Tuesday, May 5, 2020

Scary Stories: "Mary's Monster: Love, Madness, and How Mary Shelley Created Frankenstein"

 Perhaps it has been the pandemic (well, very likely), but the Ghost has been reading more of the long to read list which awaits him on his shelf. I have finished a book.

 "Mary's Monster: Love, Madness, and How Mary Shelley Created Frankenstein" is a beautiful, haunting and primal look at writer Mary Shelley's life. I have to admit, that I have been a lifetime lover of horror, and "Frankenstein" has near biblical status in my person canon-- but reading this book was the most personal and informative account of Mary's life that I have experienced.

 A graphic novel, the text here is often prose, resulting in a long form poem that would work on its own but excels with the beautiful, ghostly yet alive illustrations showing the complexities of Mary's life, her loves, her sadness and her creation.
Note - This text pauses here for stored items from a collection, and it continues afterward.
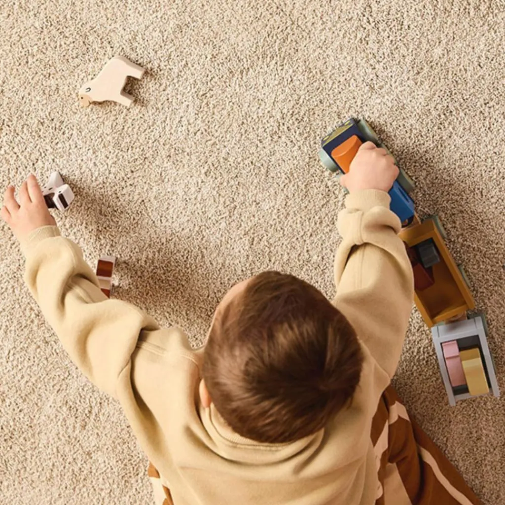Le jeu est enrichi par trois blocs de bois empilables, parfaits pour trier, équilibrer et développer la motricité fine. Adapté dès 12 mois, ce jouet encourage la coordination, le jeu pratique et la créativité. Fabriqué en bois avec une teinte à base d’eau respectueuse de l’environnement, il allie durabilité, sécurité et charme intemporel.
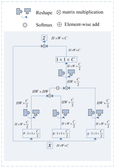 In the non-local neural networks proposed by Wang et al., the output of the designed non-local operation is the same size as the original image, and the calculation Equation (3) is as follows [30].
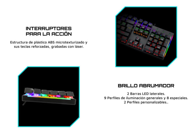 Retroiluminado: sí, teclas Rainbow, barras LED laterales RGB.
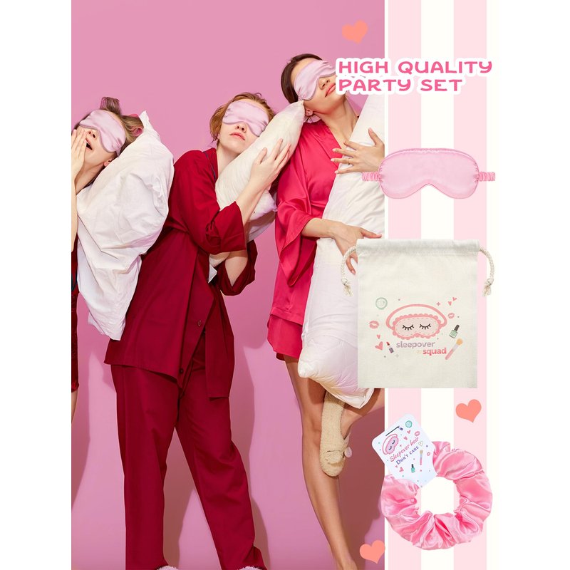 Bunnycool 24 Pcs Sleepover Party Supplies Birthday Party Favor with Satin Eye Mask Satin Hair Scrunchies(Pink)
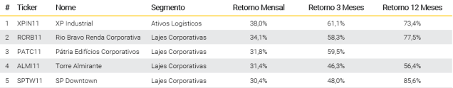 Essa robusta valorização foi distribuída em todos os três fundos recomendados – Rio Bravo Renda Corporativa (RCRB11), Pátria Edifícios Corporativos (PATC11) e The One (ONEF11), com altas de 34,1%, 31,8%, 6,0%, respectivamente.
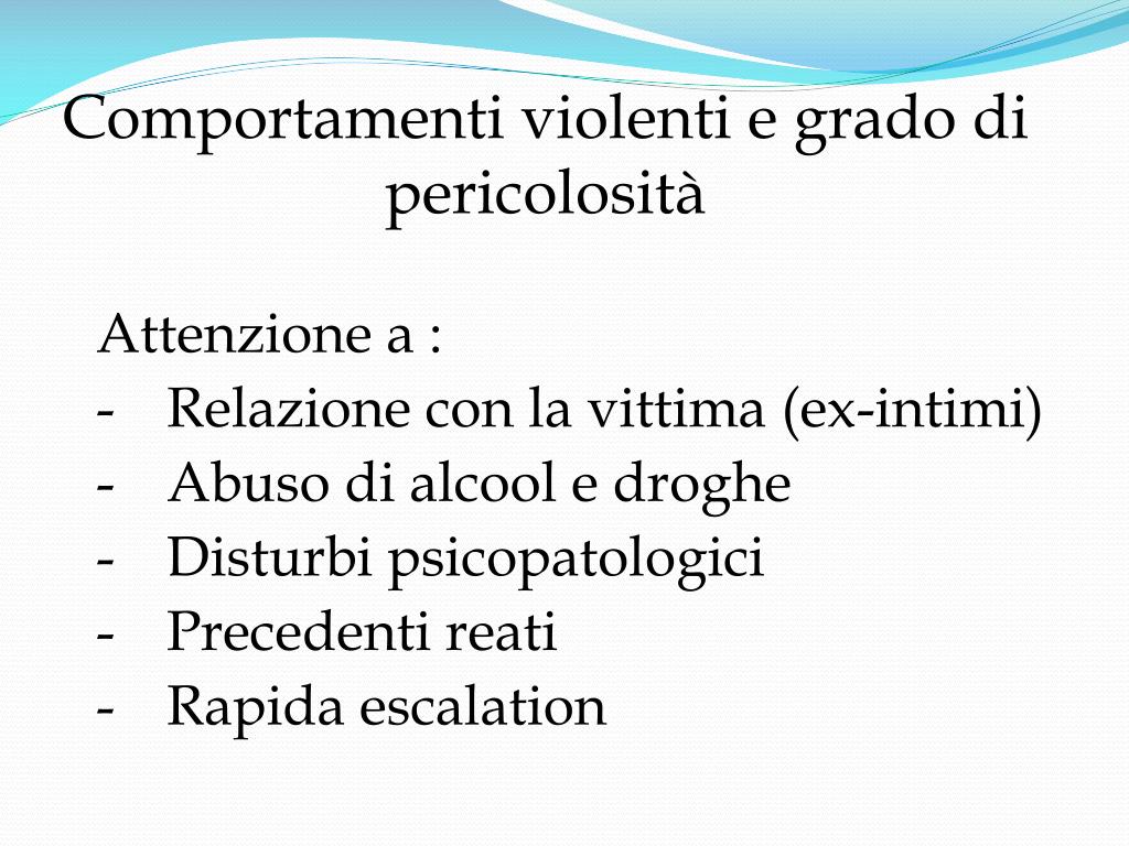 Comportamenti violenti e grado di pericolosità • Attenzione a : • Relazione con la vittima (ex-intimi) • Abuso di alcool e droghe • Disturbi psicopatologici • Precedenti reati • Rapida escalation
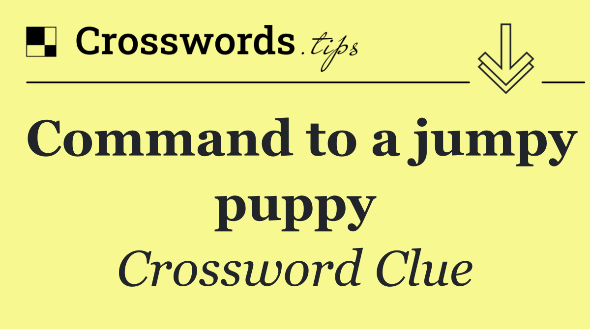 Looking for the answer to Command to a jumpy puppy from the USA Today puzzle? We have found the exact 3-letter solution you need. Want a challenge? Use our progressive letter reveal tool, explore helpful hints like anagrams and alternative clues, or browse other clues from today's puzzle. Ready to solve it?
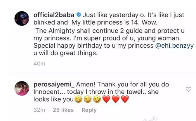 Nigerian iconic singer, Innocent Ujah Idibia, popularly known as 2Baba, and his baby mama Pero Adeniyi are celebrating their first daughter Ehi Idibia. Ehi is 2Baba’s second child and she is celebrating her 14th today, April 27th. The dotting father and Pero took to their Instagram pages to celebrate Ehi.
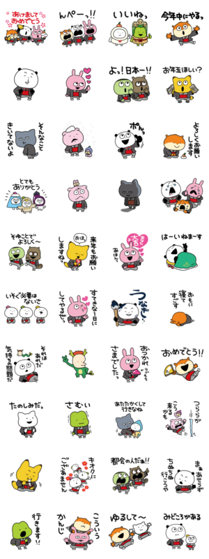 今回は特別に、和服にて集合してみました。どうぞよろしくお願いします。とぅとぅとぅ(あけおめスタンプ2024対象)にしむらゆうじ より発売
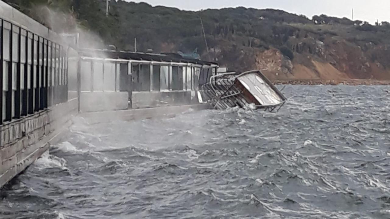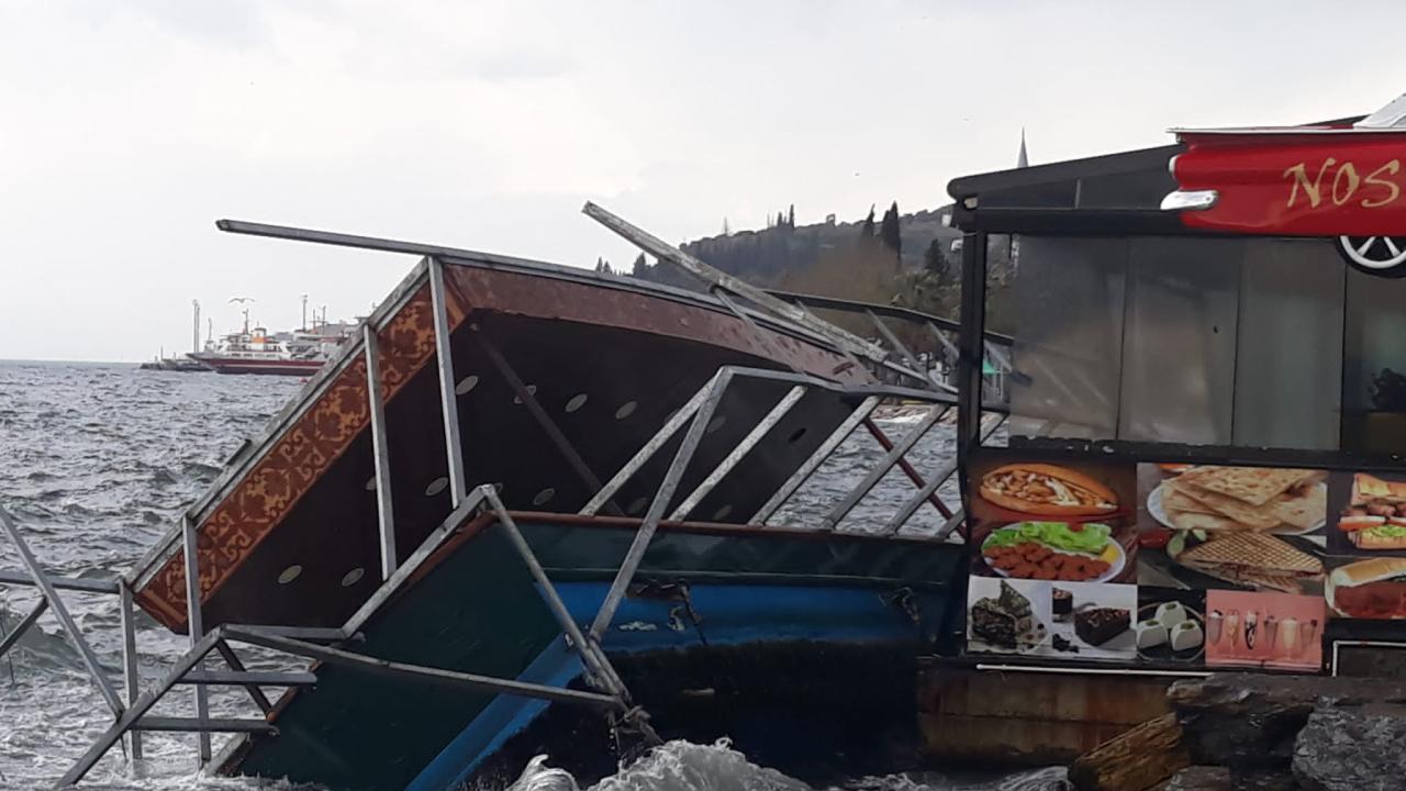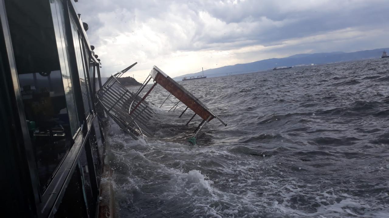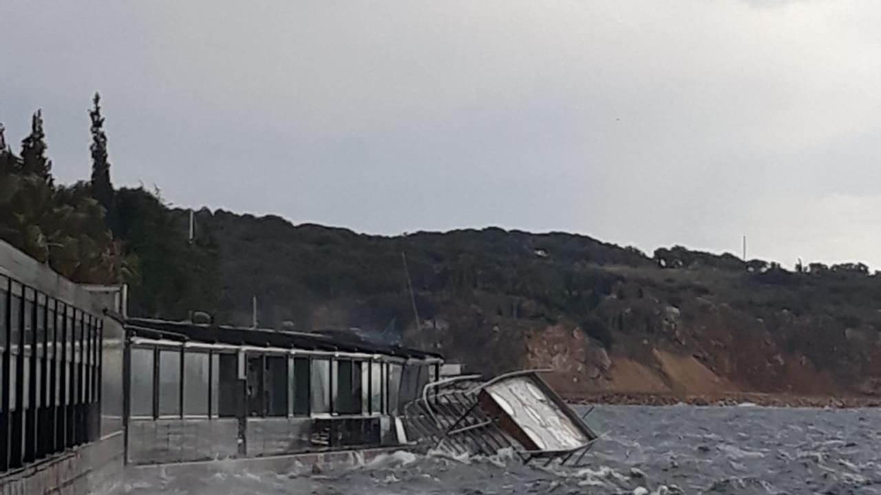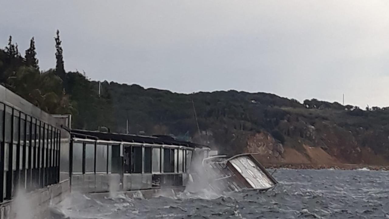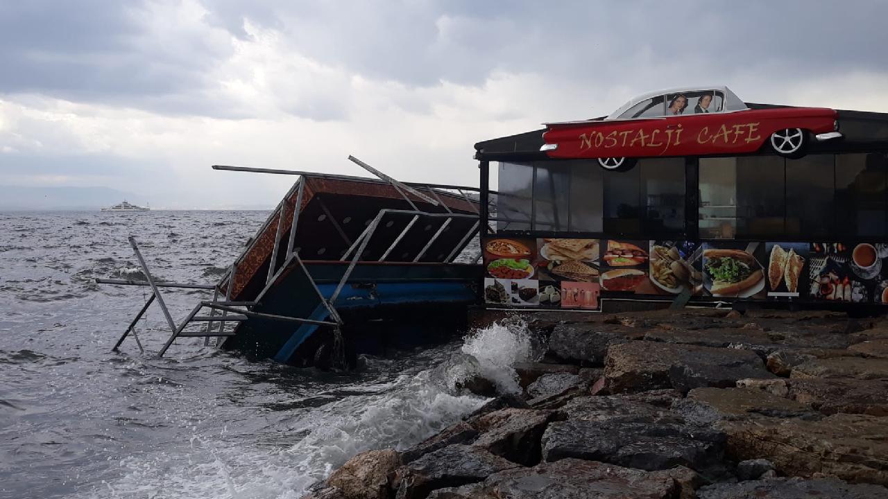 Kocaeli’nin Gebze ilçesinde lodos etkili olurken, sahildeki kafenin önünde, balık ekmek satışı yapılan tekne devrildi. Tekne, dalgaların etkisiyle kafeye çarpınca camlar hasar gördü.

 In both film and literature, the story of famous writer creating their renowned creation has become almost a genre in itself. From Michael Cunningham's "The Hours" to the film and subsequent stage musical "Finding Neverland," there is an appetite out there for stories that show how literature's immortal came to be. In this graphic novel, Lita Judge does a fantastic job at not just showing the elements of Mary Shelley's young life that culminated in the novel "Frankenstein," but showing the complexities of how her life and experience led her to the ideas and philosphies her Doctor Frankenstein and his monster have played out for readers across the years-- and forever. will.

From her time as a neglected young girl, with a mother she never knew who would have been so proud of what she accomplishd and persevered through, Mary's life faced constant abuse. Her father, step mother, and later the poet Percy Shelley were all extremely volitale and abusive relationships through which she endured-- and managed to create. Life, in the form of her children and her writing. And this is all captured beautifully in this long form graphic novel. In beautiful black and white. 

The amount of research that went into this piece is daunting, and beyond the limits of commendable. The author's notes and bibliography at the end are worth reading in and of themselves. This is a must read for any lover of Shelley and her monster, and a brilliant piece I am sure I will often find myself returning to. Highly recommended for lovers of scary stories, and lives, art and work that goes in to creating them.